WORK TASK
Taking the data below, please print only the lines from the line holding "Price is also" to the line holding "- 【先行予約】【ふるさと納税限定製品】レンジメート マグポット", inclusive, with pictures omitted.

DATASET ENTRIES
....

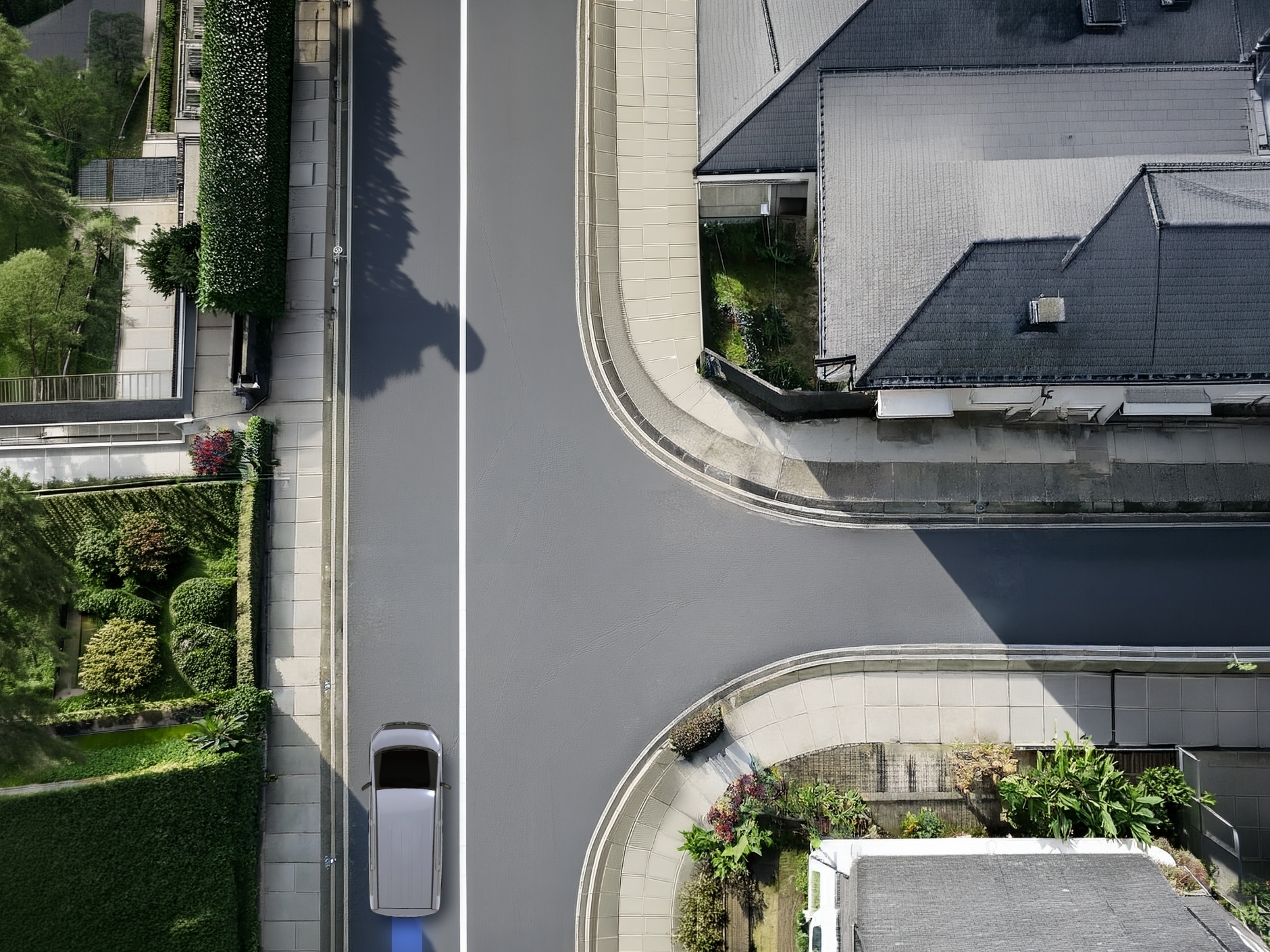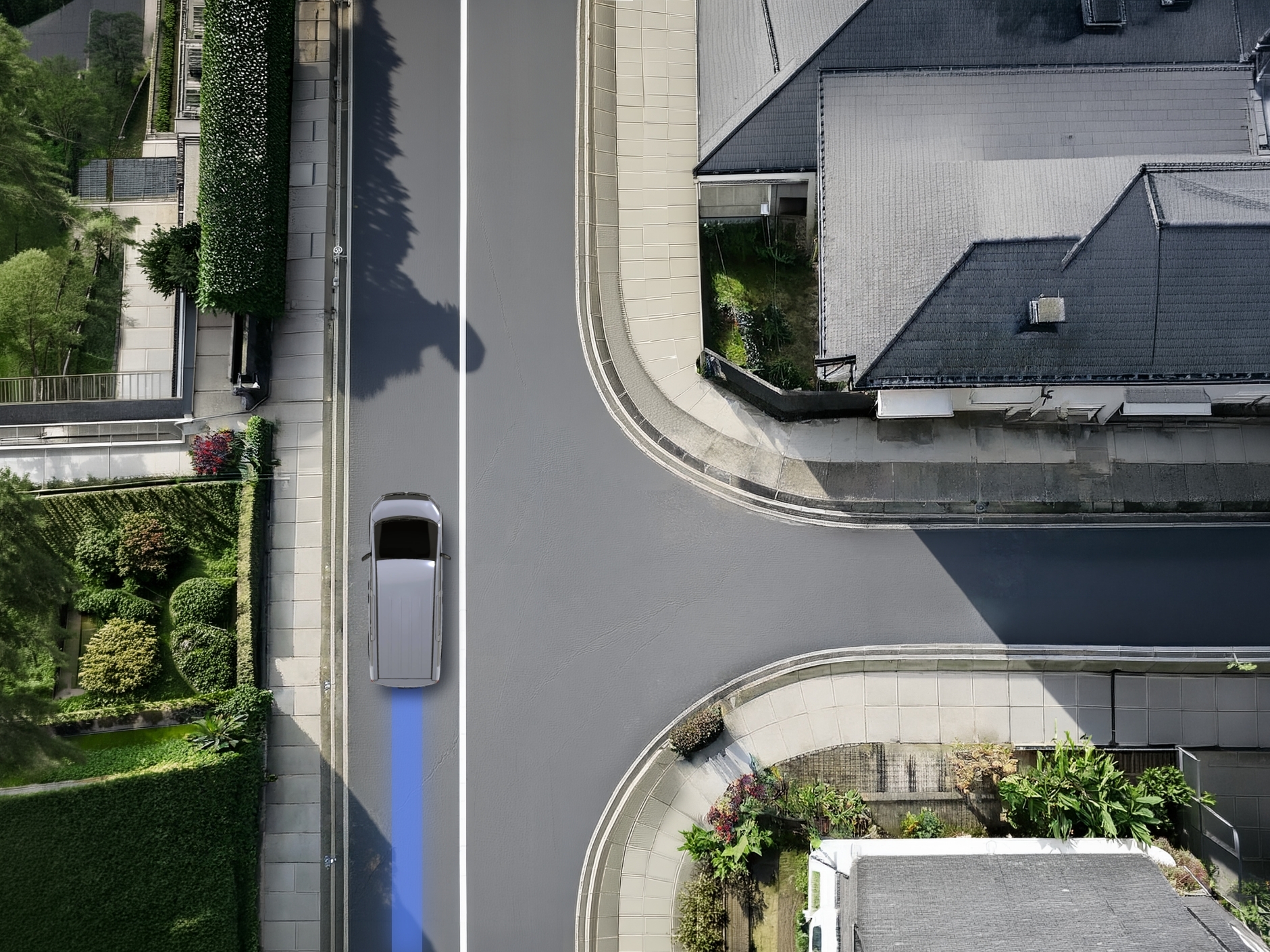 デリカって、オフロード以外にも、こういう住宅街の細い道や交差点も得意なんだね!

....

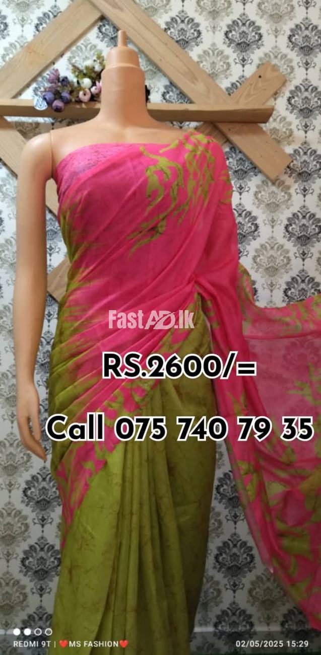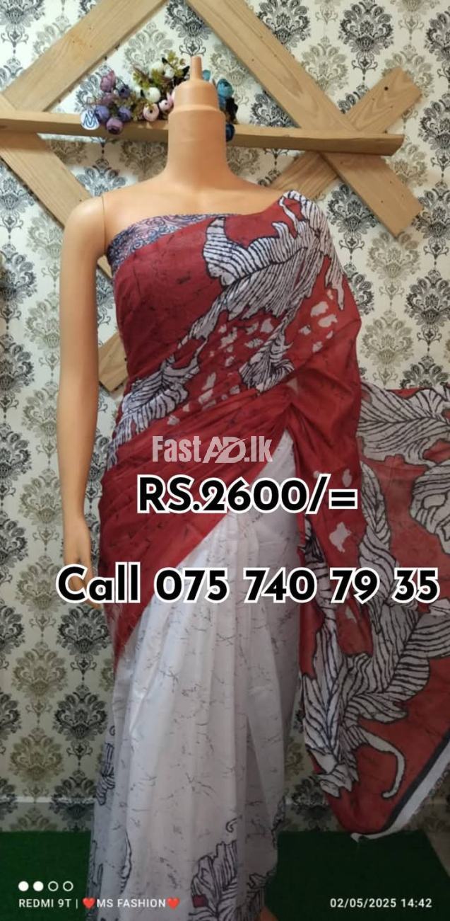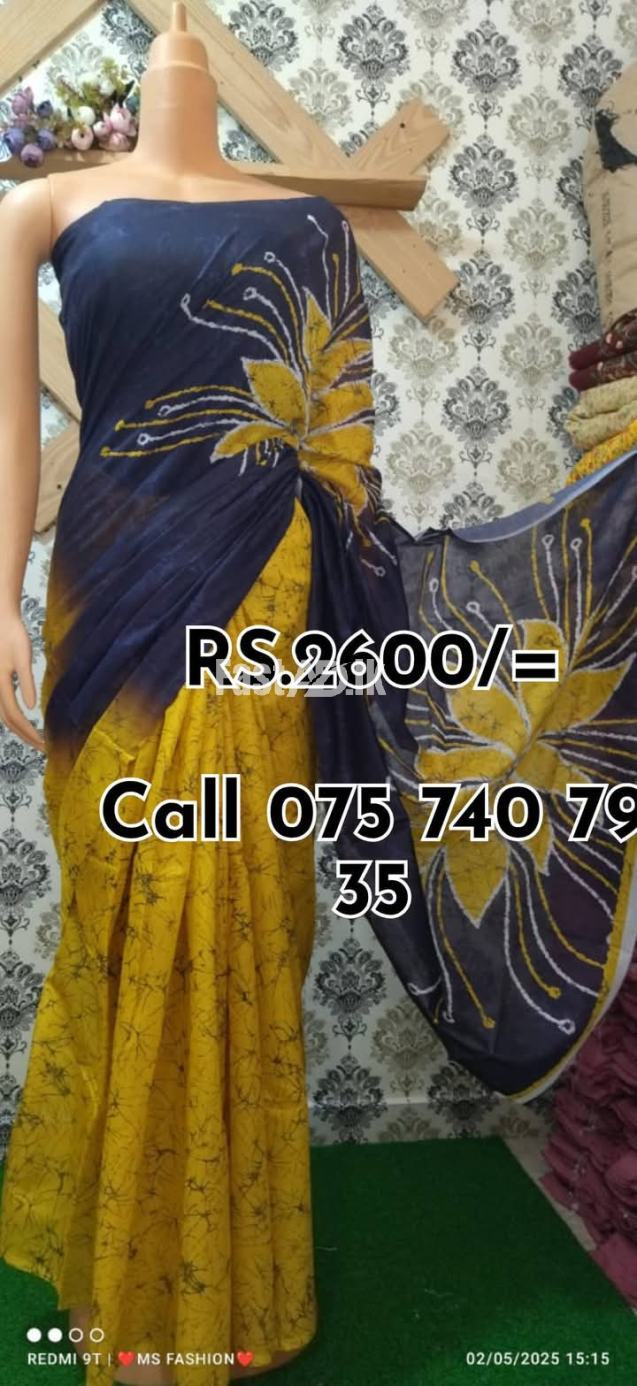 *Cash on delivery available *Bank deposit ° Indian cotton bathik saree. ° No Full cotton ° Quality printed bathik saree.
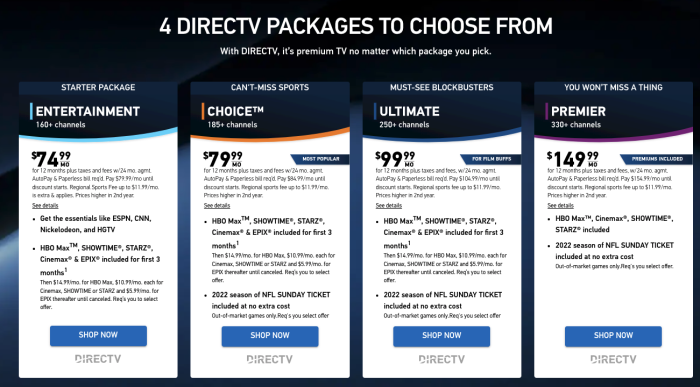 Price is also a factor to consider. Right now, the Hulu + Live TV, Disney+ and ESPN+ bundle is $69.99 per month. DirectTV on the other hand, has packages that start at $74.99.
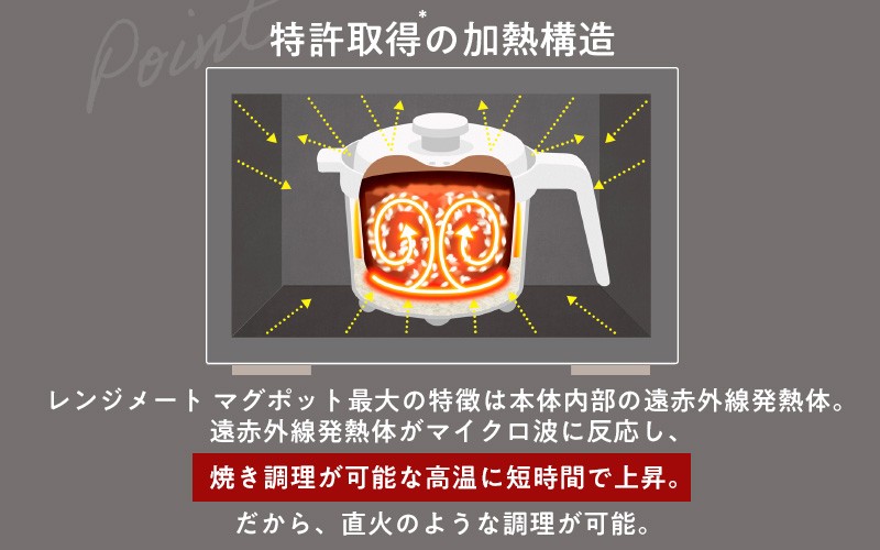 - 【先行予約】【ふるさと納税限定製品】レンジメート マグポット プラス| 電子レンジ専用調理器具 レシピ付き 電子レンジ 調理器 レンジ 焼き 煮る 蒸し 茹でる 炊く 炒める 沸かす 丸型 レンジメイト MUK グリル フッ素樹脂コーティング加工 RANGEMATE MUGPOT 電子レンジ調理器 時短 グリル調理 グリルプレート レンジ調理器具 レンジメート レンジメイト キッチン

....

RESULT OF THE TASK
 Price is also a factor to consider. Right now, the Hulu + Live TV, Disney+ and ESPN+ bundle is $69.99 per month. DirectTV on the other hand, has packages that start at $74.99.
 - 【先行予約】【ふるさと納税限定製品】レンジメート マグポット プラス| 電子レンジ専用調理器具 レシピ付き 電子レンジ 調理器 レンジ 焼き 煮る 蒸し 茹でる 炊く 炒める 沸かす 丸型 レンジメイト MUK グリル フッ素樹脂コーティング加工 RANGEMATE MUGPOT 電子レンジ調理器 時短 グリル調理 グリルプレート レンジ調理器具 レンジメート レンジメイト キッチン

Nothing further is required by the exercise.